Justice in this life may take many forms; justice in the next has one goal. Christian theology teaches that “the past must and will be redeemed.” In fact,

the highest aim of lovingly truthful memory seeks to bring about the repentance, forgiveness, and transformation of wrongdoers, and reconciliation between wrongdoers and their victims.

“Christ’s promises define our possibilities,” says Volf: “To be a Christian means that new possibilities are defined by that promise, not by any past experience, however devastating.”

In exploring reconciliation, Volf looks at the concept of “sacred memory” and examines two “meta memories”—the Exodus and the Passion of Christ.
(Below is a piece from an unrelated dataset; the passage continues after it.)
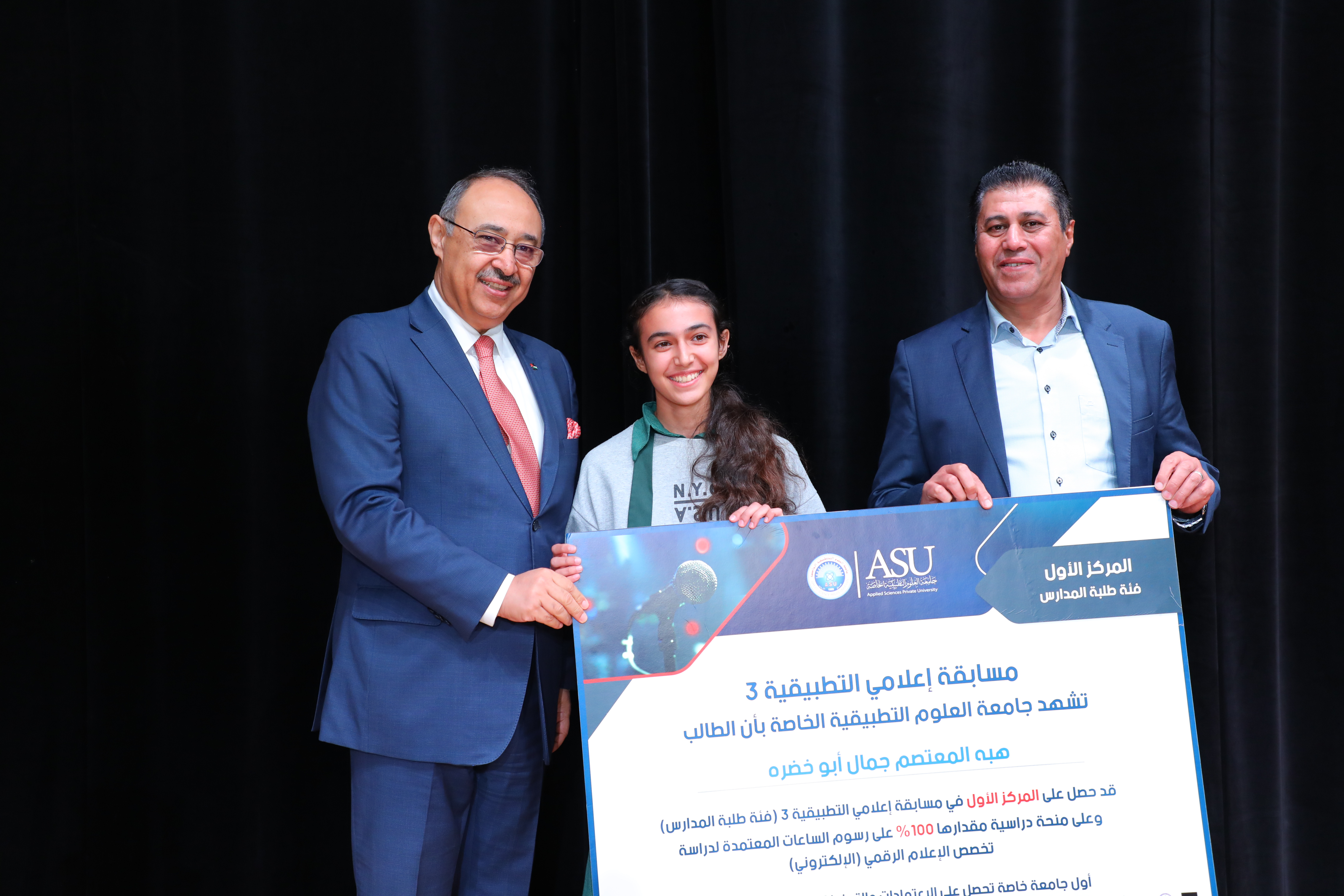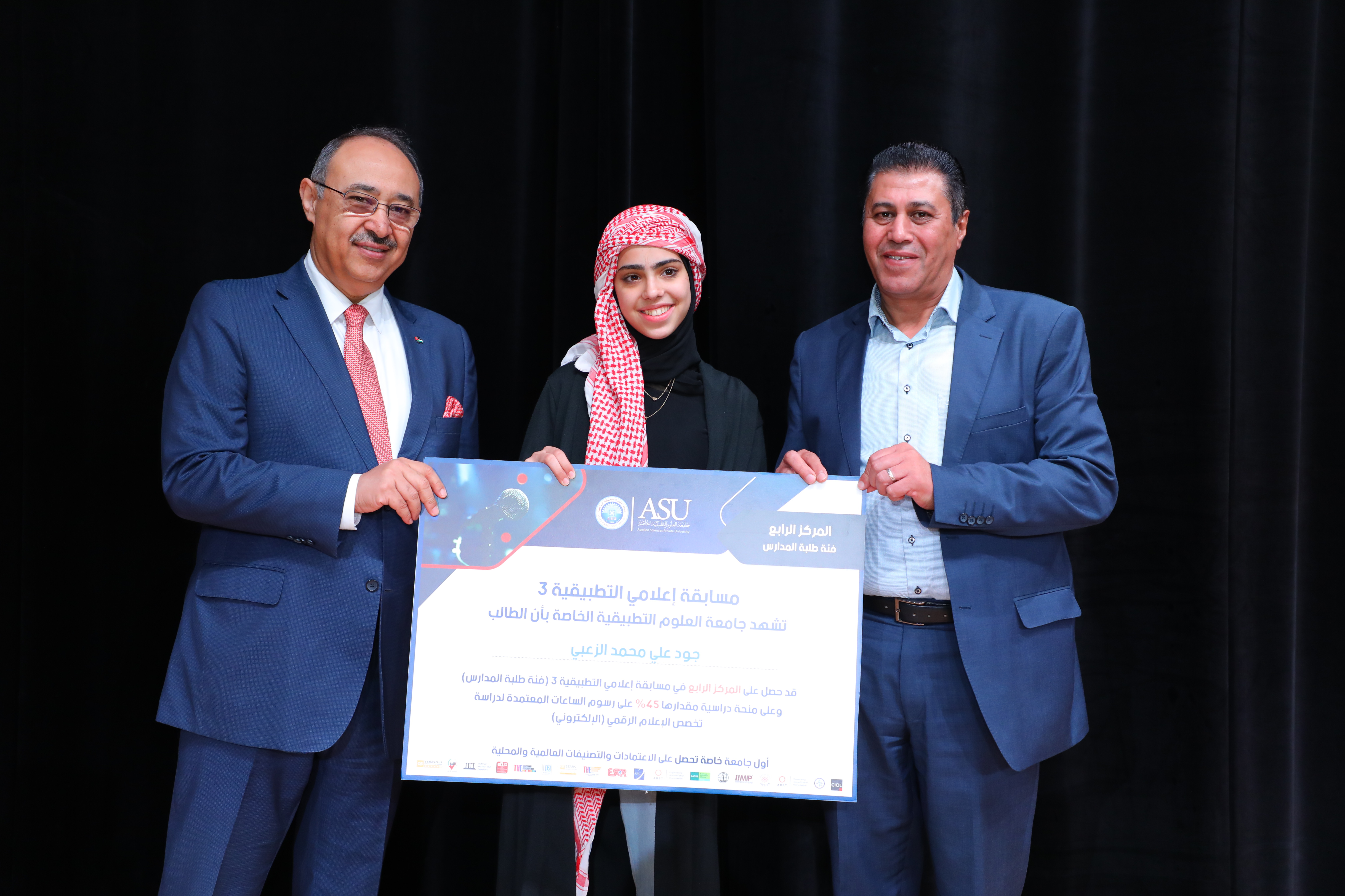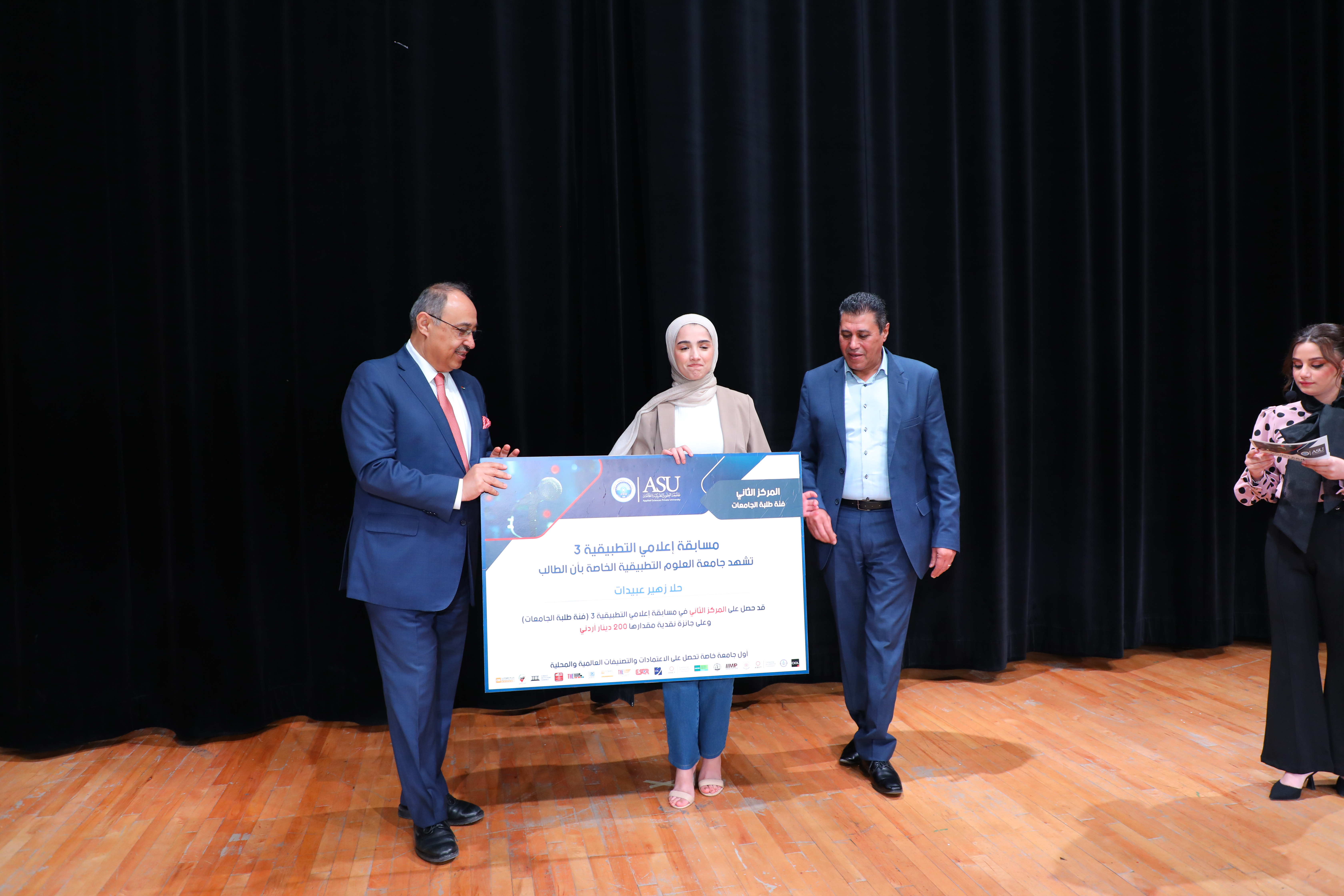 واختتم الحفل بإعلان نتائج المسابقة وتوزيع الجوائز على الفائزين والتي تمثلت بمنح دراسية كاملة وجزئية لدراسة تخصص الإعلام الرقمي بالتطبيقية للطلبة الفائزين على مستوى المدارس، وجوائز نقدية للطلبة الفائزين على مستوى الجامعات الأردنية، بالإضافة لتكريم لجنة التحكيم تقديراً لجهودهم، وتكريم ممثلي الجهات الإعلامية المختلفة الذين حضروا الحفل دعماً للمواهب الإعلامية الشابة.

The purpose of the Passion reminds us that we all are both wronged and wrongdoers, and as such we stand together on equal footing as sinners before God:

since Christ identified with the wronged as well as took on himself the burden of wrongdoing, the memory of the Passion anticipates the resurrection from death to new life for both the wronged and the wrongdoers. But since he also reconciled them in his own flesh on the cross, the Passion memory anticipates as well the formation of a reconciled community even out of deadly enemies.

So it is the gospel that is at the heart of truthful memory.

This discussion on reconciliation sets up the third part of the book, which offers real hope to victims and repentant perpetrators. Volf uses the phrase “river of memory, river of forgetting” to get to the heart of his third question about the duration of memory; I love that he uses Dante as his guide in a “thought experiment” on forgetting. He defines forgetting as “not coming to mind” (which is not the same thing as eradicating memory). He declares that “under certain conditions the absence of the memory of wrongs suffered [and committed] is desirable,” and for support and illumination he examines Kierkegaard, Nietzsche, and Freud as significant “defenders of forgetting.”

At all times, Volf reminds us that the ideal we seek is the world to come, that the last judgment is a “social event” that inaugurates the final state of being and serves as the “transition to the world of love.” He acknowledges that his faith requires him to not only accept but desire that Captain G. be seated next to him at the marriage feast of the Lamb!

We are frail: “our sense of personal identity is a result of both remembering and forgetting.” And yet, we may be comforted and rejoice because “our identity is fundamentally in God’s hands, not ours, and certainly not in the hands of those who have wronged us.” Amen!

Though inspired and informed by his personal turmoil, this is not a memoir, but a detailed theology of remembering, and readers should be prepared to navigate theological and philosophical constructs. Cogently argued, uncomfortably accurate, and immensely challenging, The End of Memory has redefined my understanding of justice and reconciliation.